The Department notes that this proposed class exemption provides relief for a plan fiduciary's designation of itself or an affiliate as individual retirement plan provider to receive automatic rollovers of mandatory distributions from plans for which it or an affiliate serves as the plan sponsor.[13] In addition, relief is provided for the selection of the plan fiduciary's (or an Start Printed Page 9849affiliate's) proprietary investment products as the initial investment designation for the mandatory distributions of its plan participants. The proposed exemption does not cover any subsequent investment decisions made by the individual retirement plan provider on behalf of the individual retirement plan account holder.[14] Additionally, the Department anticipates that, where a plan fiduciary which is unrelated to the plan sponsor recommends itself as individual retirement plan provider, and recommends its own proprietary investments as the initial investment of the mandatory distribution, such determinations will ultimately be subject to the independent approval of the plan sponsor and, therefore, may not result in prohibited transactions.[15]

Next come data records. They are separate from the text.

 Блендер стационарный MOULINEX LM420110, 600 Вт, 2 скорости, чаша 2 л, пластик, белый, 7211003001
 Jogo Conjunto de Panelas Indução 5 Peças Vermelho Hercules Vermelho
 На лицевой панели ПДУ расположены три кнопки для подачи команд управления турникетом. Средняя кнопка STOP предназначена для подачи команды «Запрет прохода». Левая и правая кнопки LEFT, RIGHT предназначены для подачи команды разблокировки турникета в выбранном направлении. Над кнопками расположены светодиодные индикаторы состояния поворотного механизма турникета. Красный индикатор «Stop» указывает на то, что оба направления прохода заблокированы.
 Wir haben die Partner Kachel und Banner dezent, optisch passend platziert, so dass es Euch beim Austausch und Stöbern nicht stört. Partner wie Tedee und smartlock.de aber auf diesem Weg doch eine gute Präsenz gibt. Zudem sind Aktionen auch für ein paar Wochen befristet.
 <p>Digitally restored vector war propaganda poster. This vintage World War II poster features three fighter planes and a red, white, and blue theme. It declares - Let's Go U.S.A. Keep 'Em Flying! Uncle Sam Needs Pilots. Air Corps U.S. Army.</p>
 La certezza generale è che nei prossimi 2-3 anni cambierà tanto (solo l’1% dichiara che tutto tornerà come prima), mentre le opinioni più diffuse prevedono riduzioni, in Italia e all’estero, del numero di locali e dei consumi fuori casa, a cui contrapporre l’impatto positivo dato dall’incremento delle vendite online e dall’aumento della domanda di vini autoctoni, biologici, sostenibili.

Discussion of the Proposed Exemption

Section I of the proposal describes the transactions that are covered by the exemption. The plan fiduciary who provides the notice in section II(a) and meets the additional requirements described below would be able to be the individual retirement plan provider for its separated employees and to make an initial decision to invest the mandatory distribution in an investment product in which such plan fiduciary or its affiliate has an interest. Additionally, relief is provided for the receipt of fees by the individual retirement plan provider for the receipt of fees by the individual retirement plan provider in connection with the establishment or maintenance of the individual retirement plan, and as a result of the investment of the mandatory distribution in an investment product in which the plan fiduciary or its affiliate has an interest.

Under the proposal, a plan fiduciary must, in connection with the written explanation provided pursuant to section 402(f) of the Code or in the plan's summary plan description or summary of material modifications thereto, notify the participant prior to the mandatory rollover distribution that, absent his or her election, the mandatory distribution will be rolled over to an individual retirement plan provided by the plan fiduciary or an affiliate, and that the plan fiduciary may select its own proprietary investment as the initial investment of the mandatory distribution. In any case, the plan's summary plan description or summary of material modifications thereto will describe the plan's rollover provisions effectuating the requirements of section 401(a)(31)(B) of the Code.

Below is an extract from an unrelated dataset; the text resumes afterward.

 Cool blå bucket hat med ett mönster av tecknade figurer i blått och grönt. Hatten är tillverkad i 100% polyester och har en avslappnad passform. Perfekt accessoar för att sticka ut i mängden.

The plan fiduciary must comply with the requirements of the Automatic Rollover Regulation. The term “Automatic Rollover Regulation” refers to the regulation promulgated by the Department at 29 CFR 2550.401a-2, which is proposed elsewhere in this issue of the Federal Register.

The plan fiduciary must be the employer, any of whose employees are covered by the plan from which the automatic rollover of the mandatory distribution is made, or an affiliate.

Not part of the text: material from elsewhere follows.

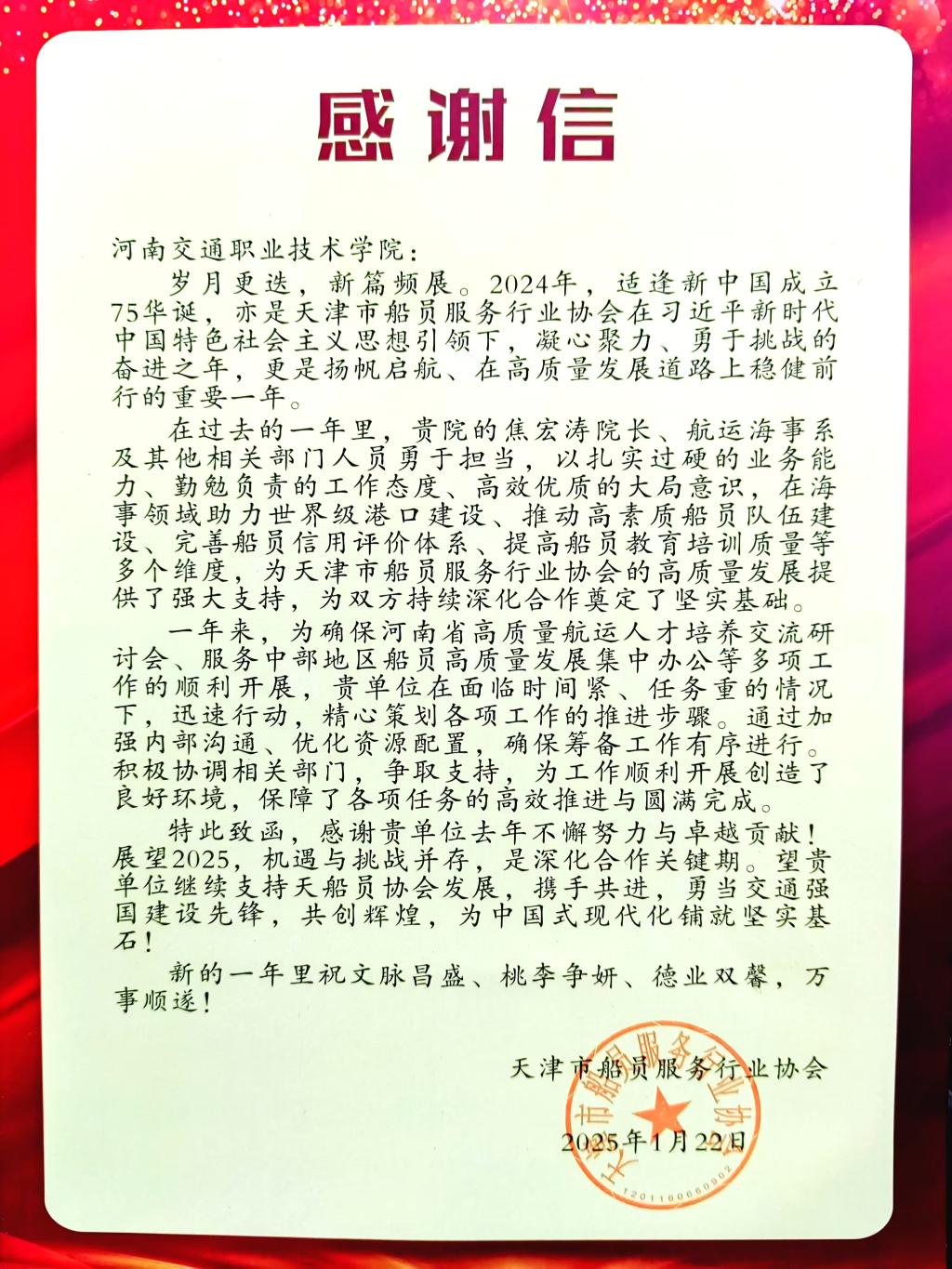 信中说,过去一年,河南交通职业技术学院校领导、相关职能部门和航运海事系人员勇于担当,以“专业、务实”的工作态度,积极参与创新高素质船员培养模式、完善船员信用评价体系、提高船员教育培训质量等多项工作。在承办“河南省高质量航运人才培养交流研讨会”、组织“服务中部地区船员高质量发展集中办公”等任务中,学校展现出优秀的组织能力,为天津市船员服务行业协会的高质量发展提供了强大支持,为双方持续深化合作奠定了坚实基础。

Under the proposal, the individual retirement plan must be established and maintained for the exclusive benefit of the account holder of the individual retirement plan, his or her spouse or their beneficiaries. Under section IV(a) of the proposed exemption, the term individual retirement plan is defined in section 7701(a)(37) of the Code. Section 7701(a)(37) defines individual retirement plan as an individual retirement account described in section 408(a) of the Code and an individual retirement annuity described in section 408(b) of the Code. For purposes of this exemption, the term individual retirement plan shall not include an individual retirement plan which is an employee benefit plan covered by Title I of ERISA.[18]

The proposal requires that the terms of the individual retirement plan, including the fees and expenses for establishing and maintaining the individual retirement plan, be no less favorable than those available to comparable individual retirement plans for distributions not described in section 401(a)(31)(B) of the Code.

Under the proposed exemption, the individual retirement plan must be invested in an “Eligible Investment Product.” Section IV(e) defines the term “Eligible Investment Product” to mean an investment product designed to preserve principal and provide a reasonable rate of return, whether or not such return is guaranteed, consistent with liquidity. For this purpose, the product must be offered by a Regulated Financial Institution and must seek to maintain a stable dollar value equal to the amount invested in the product by the individual retirement plan. Such term includes money market funds maintained by registered investment companies, and interest-bearing savings accounts and certificates of deposit of a bank or a similar financial institution.[19] In addition, the term includes “stable value products” issued by a financial institution that are fully benefit-responsive to the individual retirement plan account holder, i.e., that provide a liquidity guarantee by a financially responsible third party of principal and previously accrued interest for liquidations or transfers initiated by the individual retirement plan account holder exercising his or her right to withdraw or transfer funds under the terms of an arrangement that does not include substantial restrictions to the account holder's access to the assets of the individual retirement plan. The Department requests comments as to whether an annuity provider described in section 408(b) of the Code currently offers Eligible Investment Products as defined herein.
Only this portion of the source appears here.